Bu durumda kim olduğunu muhtemelen öğrenemeyece­ğimiz talihli parasını yani 30 milyon lirasını alacak, kalan 90 milyon lira ise Erdoğan’ın baş­kanı olduğu Varlık Fonu’na devredilecek.

Böylelikle devletteyken cemaatin pis oyunları sonra da Demirören ve yabancı ortağı eliyle milletin umu­du bir kere daha sömürülmüş oldu.

“Ya çıkarsa” veya “Belki de sıra bende” diyerek Milli Piyango bileti alanlara bir kere daha “Geç­miş olsun” diyorum.

NOT: Aslında millet tepkisini göstermedi de­ğil.
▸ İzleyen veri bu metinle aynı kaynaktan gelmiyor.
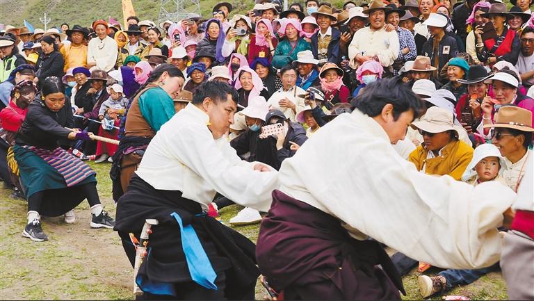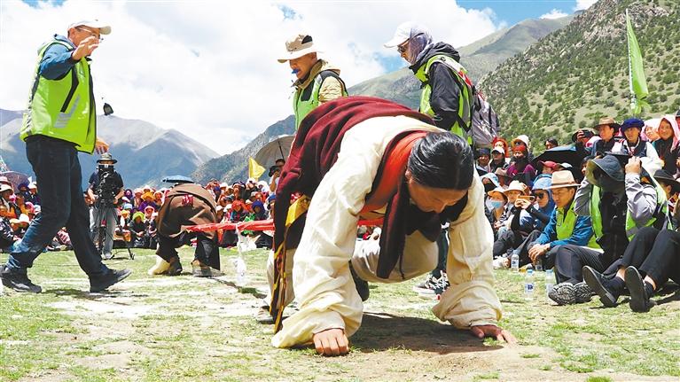 “‘繽紛四季·多彩林周’活動內容實在是太豐富了,我們沿途觀賞到了美景,而且還體驗了西藏民俗風情,現場看到村民們擠牦牛奶、手工制作奶制品、指尖技藝制作酥油花等。讓我們感到震驚的是藏族大哥、大姐的力氣真是太大了,能用繩子拉動越野車,扛起百斤重的石頭,給我們帶來了滿滿的視覺盛宴。我是第三次進藏,這次的收獲最多,讓我體驗到了不一樣的西藏?!眮碜员本┑挠慰蛷埾壬d奮地說。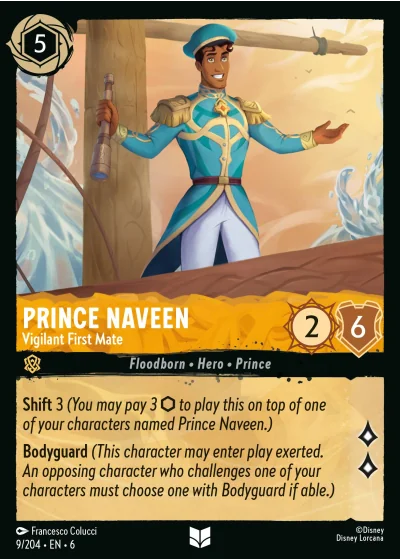 Shift 3 (You may pay 3 ⬡ to play this on top of one of your characters named Prince Naveen.)
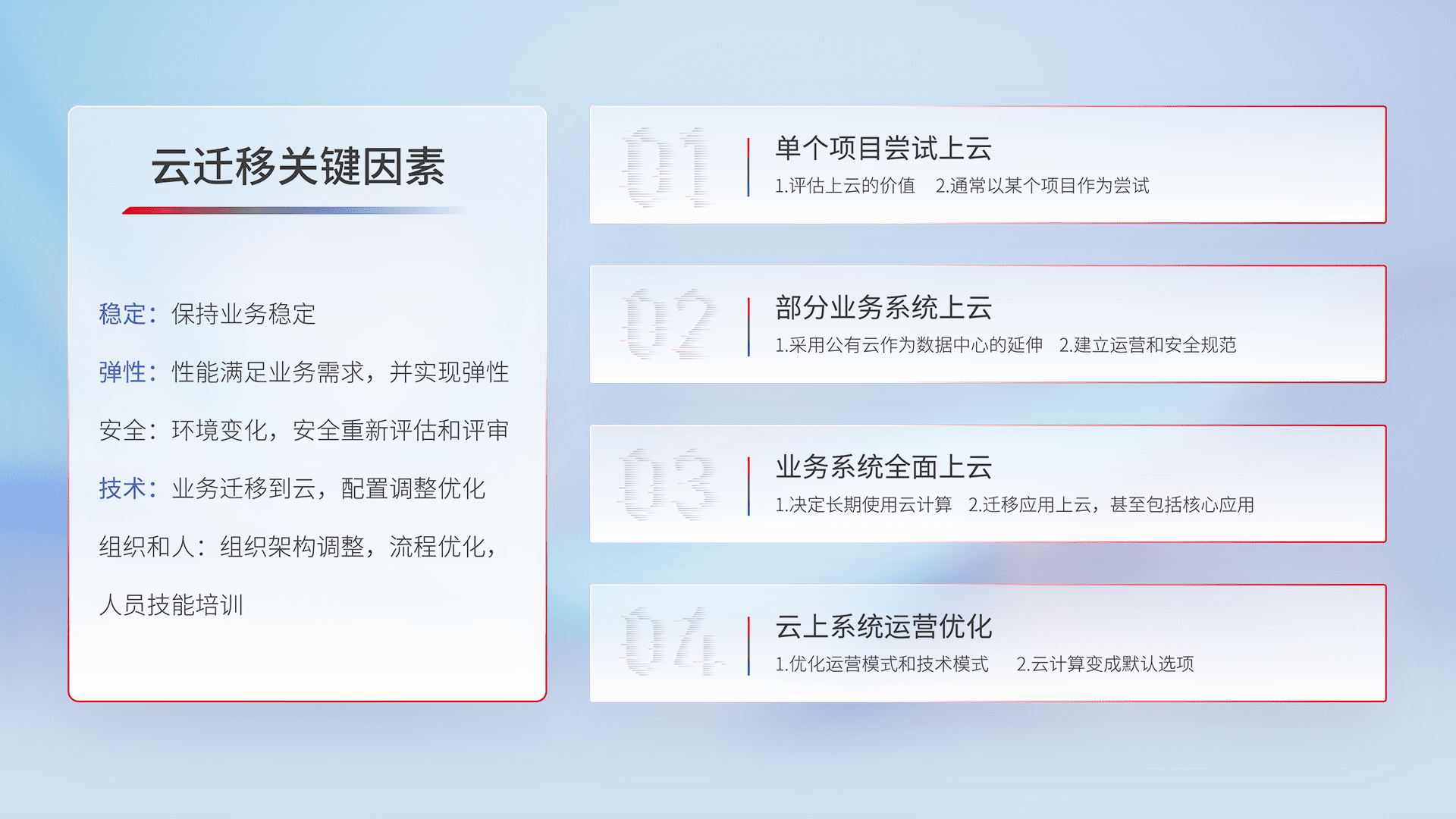 结合实际业务,,,从规划设计、、、、云平台选型、、云原生改造、、、数据迁移、、、、集成交付,,迁移全过程为客户识别最佳上云路径,,做好风险识别管理,,设计网络架构、、身份权限、、、、安全审计合规、、、操作审计、、、日志审计、、、监控告警策略、、、多站点容灾设计等,,对云上基础设施进行整体规划,,,提升IT治理水平,,以满足弹性、、、高可用、、、高性能的需求。。。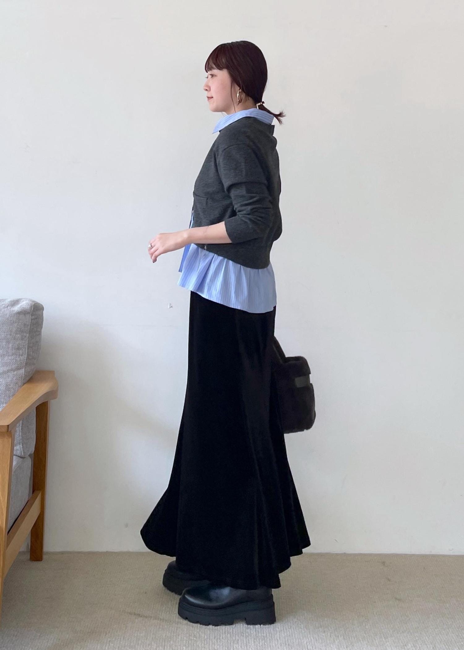 VISベロアナロースカートブラック / M¥6,589レビュー身長159cm/Mサイズ着用、トレンド感のあるしっかりロング丈で履けました◎ウエスト部分を1.2回折ってもシルエットは変わらないので、着丈の調節もしやすいです。ボディラインを綺麗に見せてくれるナローシルエット、ベロア生地で高見えもします❤︎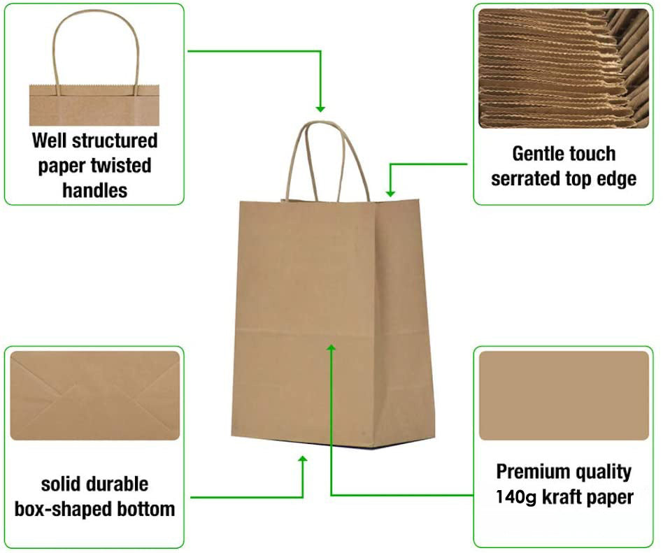 100 X Kraft Paper Bags Bulk Pack Gift Shopping Brown Retail Bag with Handles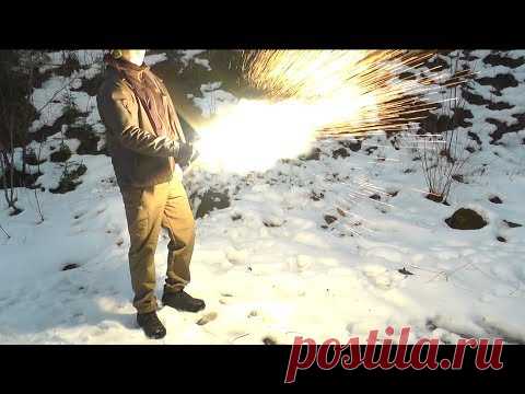 Человек в куртке и штанах стоит на снегу и держит в руках предмет, из которого вырывается поток ярких искр. Вокруг тихая зимняя природа.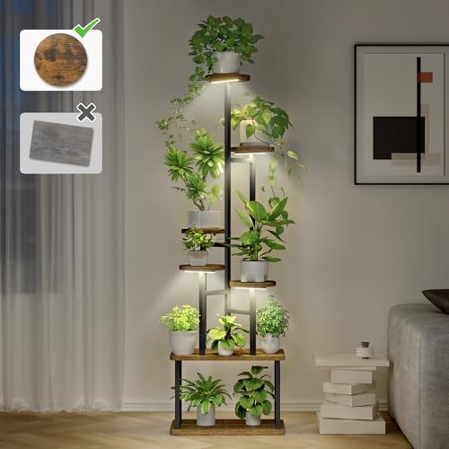 $105.99 室内植物支架带生长灯,MistyJungle 7 层高植物支架适用于室内植物,多种金属植物架展示架带全光谱灯支架,适用于植物、客厅装饰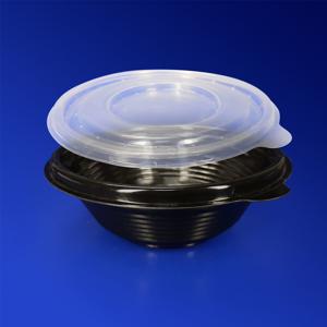 Тарелка одноразовая глубокая РР чёрная с крышкой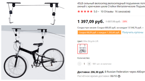 Это я для себя для гаража искал и нашел - может, кому-то еще пригодится. Потолочный подъемник для велика. Мои домашние на велосипедах ездят редко, подвешу их велосипеды к потолку, чтобы место не занимали.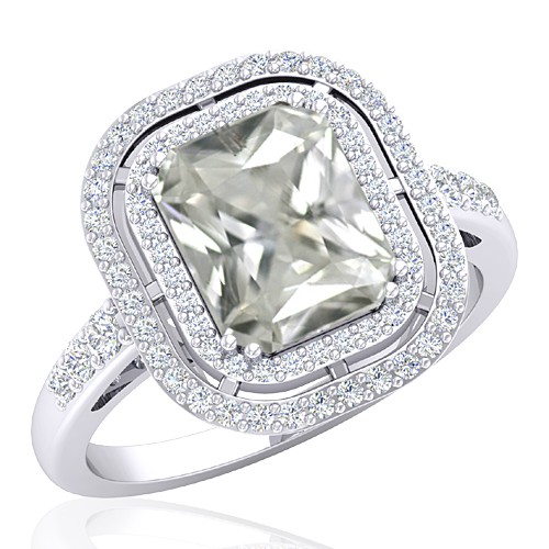 14K White Gold 3.42 cts Sapphire Gemstone Diamond Cocktail Vintage Engagement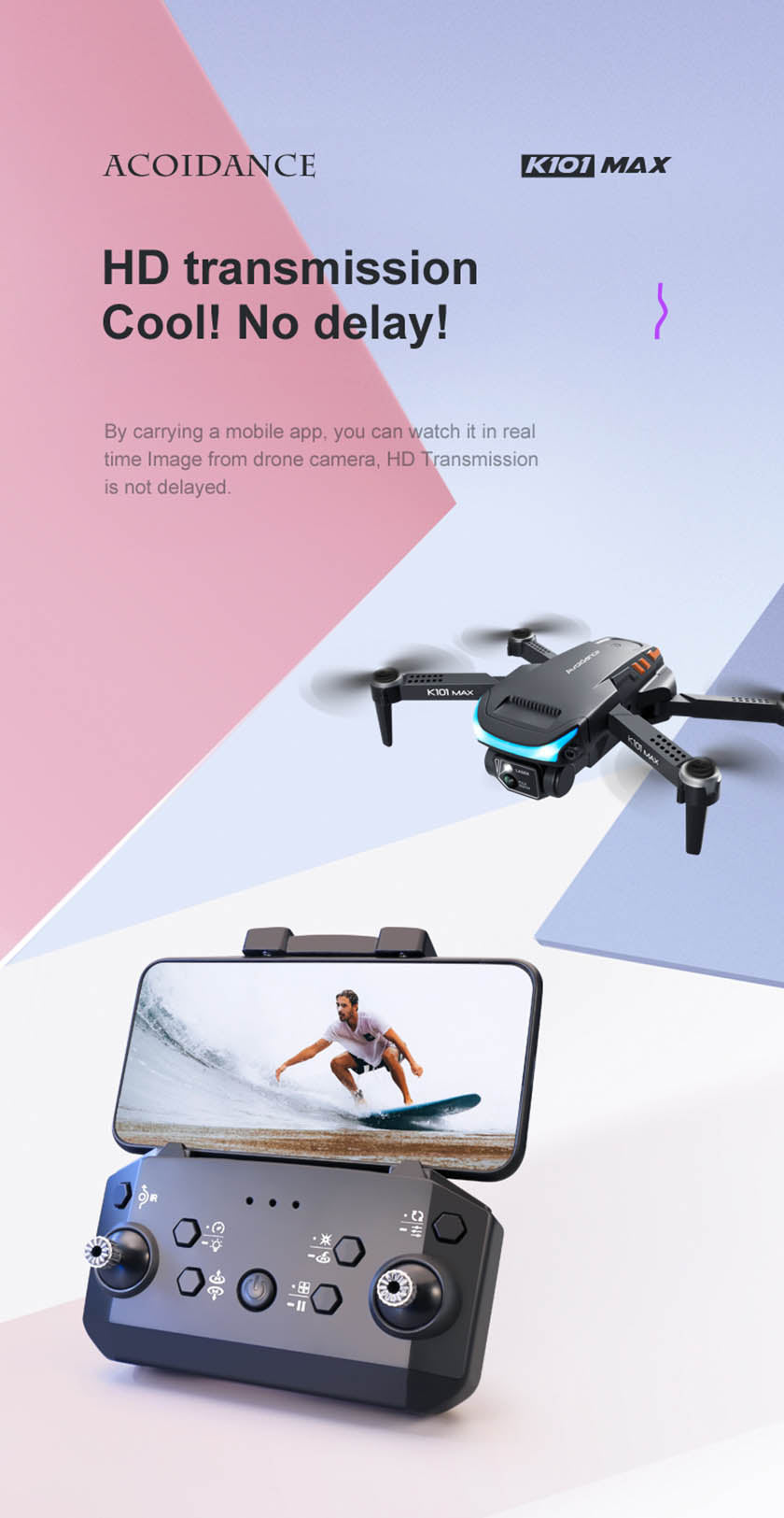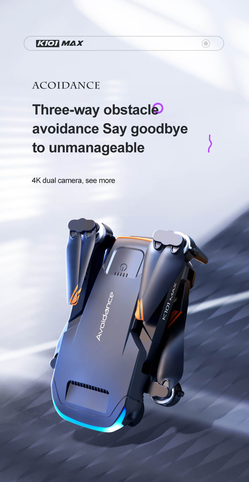 RC Drone K101MAX 4K HD Dual Camera Optical Flow Positioning ESC 3-Way Obstacle Avoidance Folding RC Quadcopter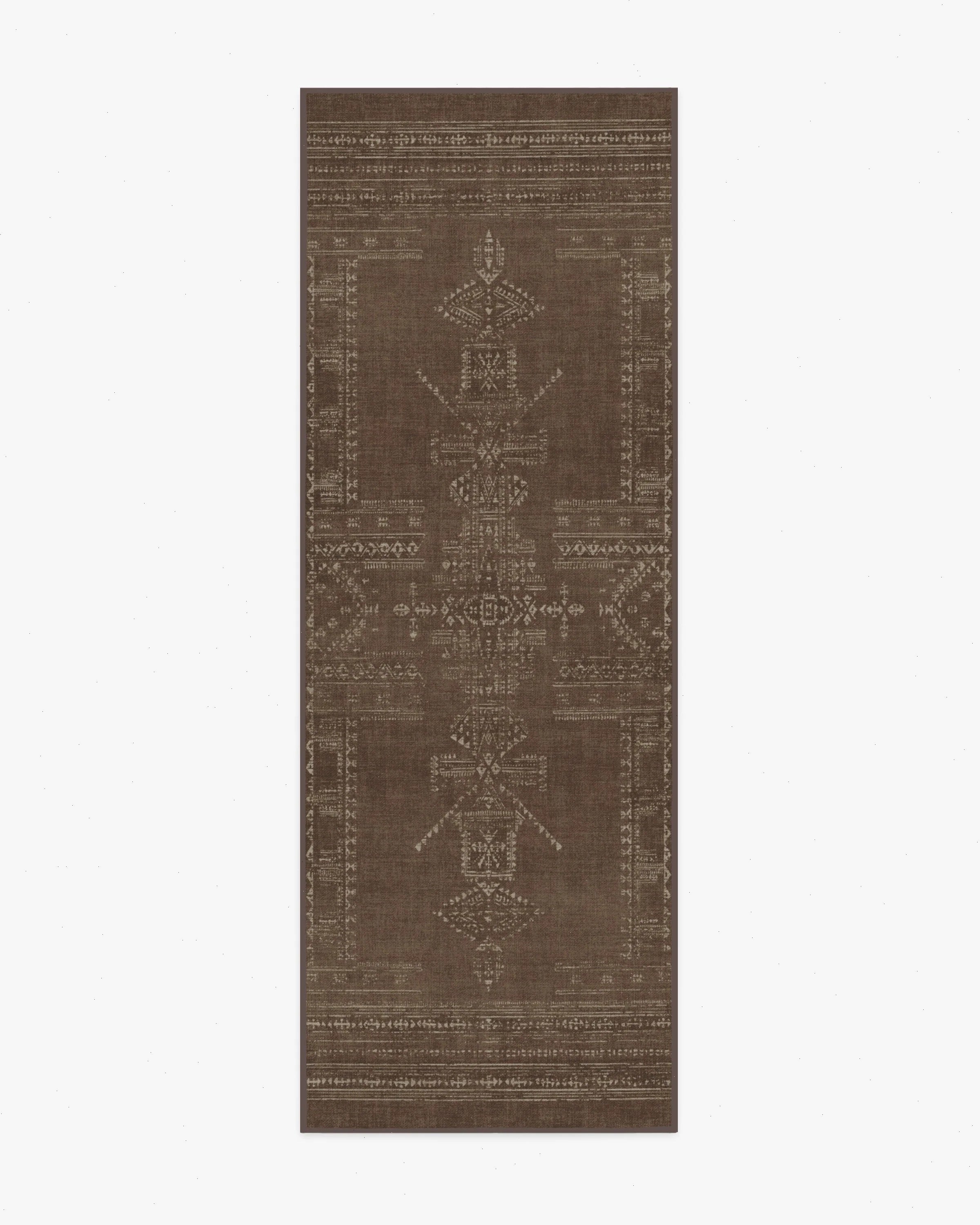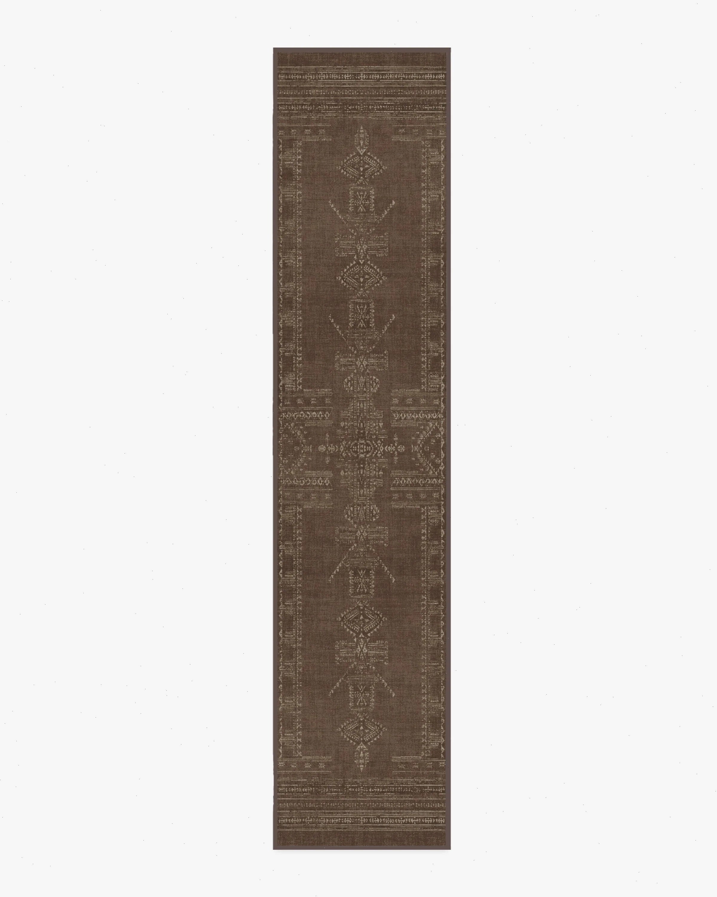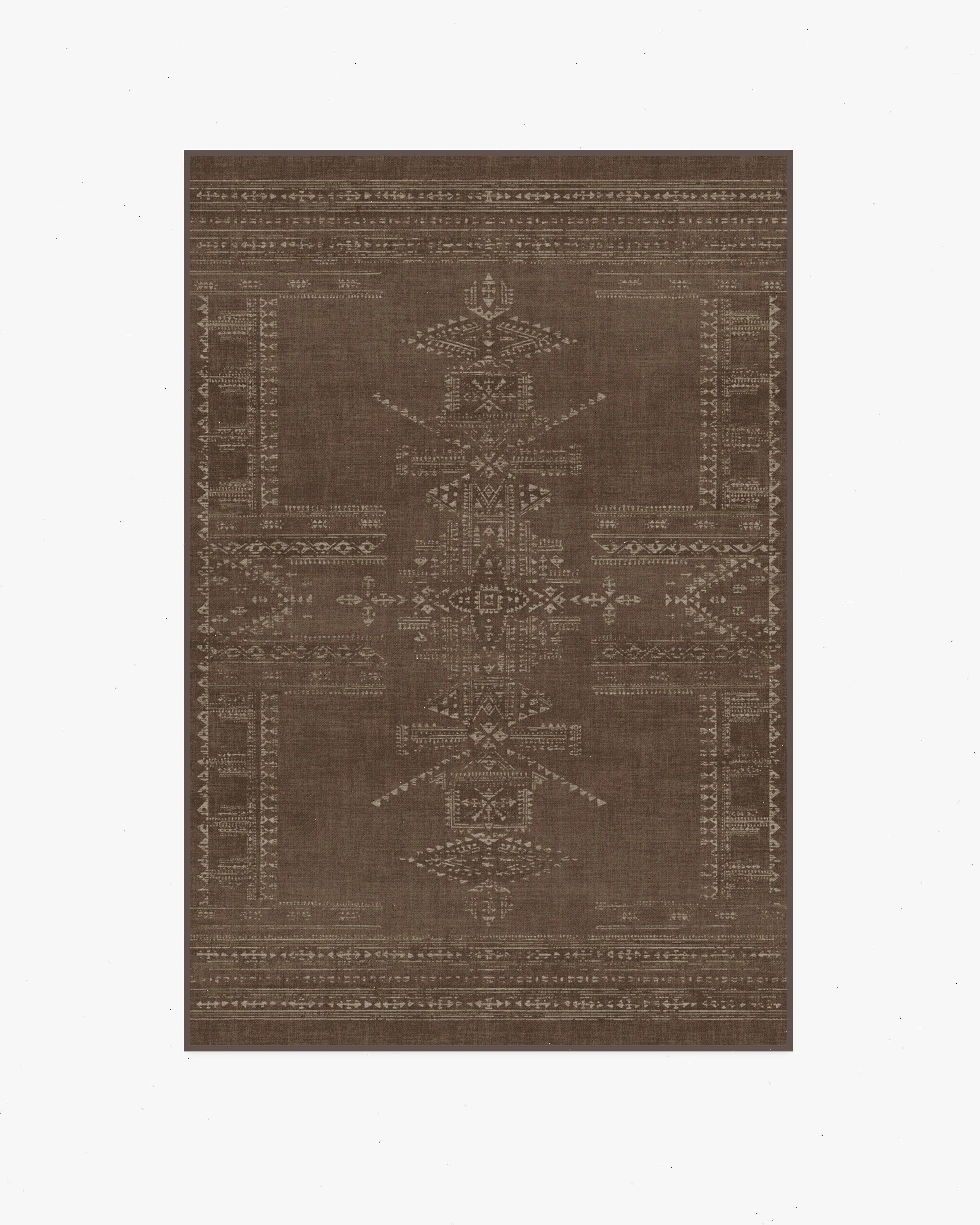 Our Martyn Lawrence Bullard Amira Brown Rug is made for gathering. Inspired by simple geometric forms and traditional woven rug layouts, this symmetrical design combines muted elegance and timeless tradition. Using a distressed overall effect for extra character, the light cream motifs, featuring highs and lows, are beautifully set against a dark brown background. Water-resistant, stain-resistant, and machine-washable. Rug colors may vary slightly according to your device and the lighting in your space.

Bu yıl biletle­rin çoğunun elde kaldığı belirtiliyor

Bİ SORALIM BAKALIM

İstanbulluya yılbaşı zehir edilirken, tebliğcilere dokunulmadı?

Medyaya hiç yansımadı ama aslında İstanbul’da yılbaşı gecesi yüzbinlerce kişiye zehir oldu.

Taksim Etiler hattı ile Boğaz’ın Beşiktaş İstinye ve Üsküdar Kandilli hattında trafik neredeyse durma noktasına geldi.

Elbette buralarda eğlence mekânlarının sayısı çok fazla ve sıkışıklık son derece doğal.

Ama buna bir de İstanbul polisinin gayretkeşliği eklenince yılbaşı gecesi pek çok kişi trafik eziyeti çekti.

Çünkü polis bu hatlarda kısa aralıklarla sayısız noktayı “güvenlik” gerekçesiyle kesmişti.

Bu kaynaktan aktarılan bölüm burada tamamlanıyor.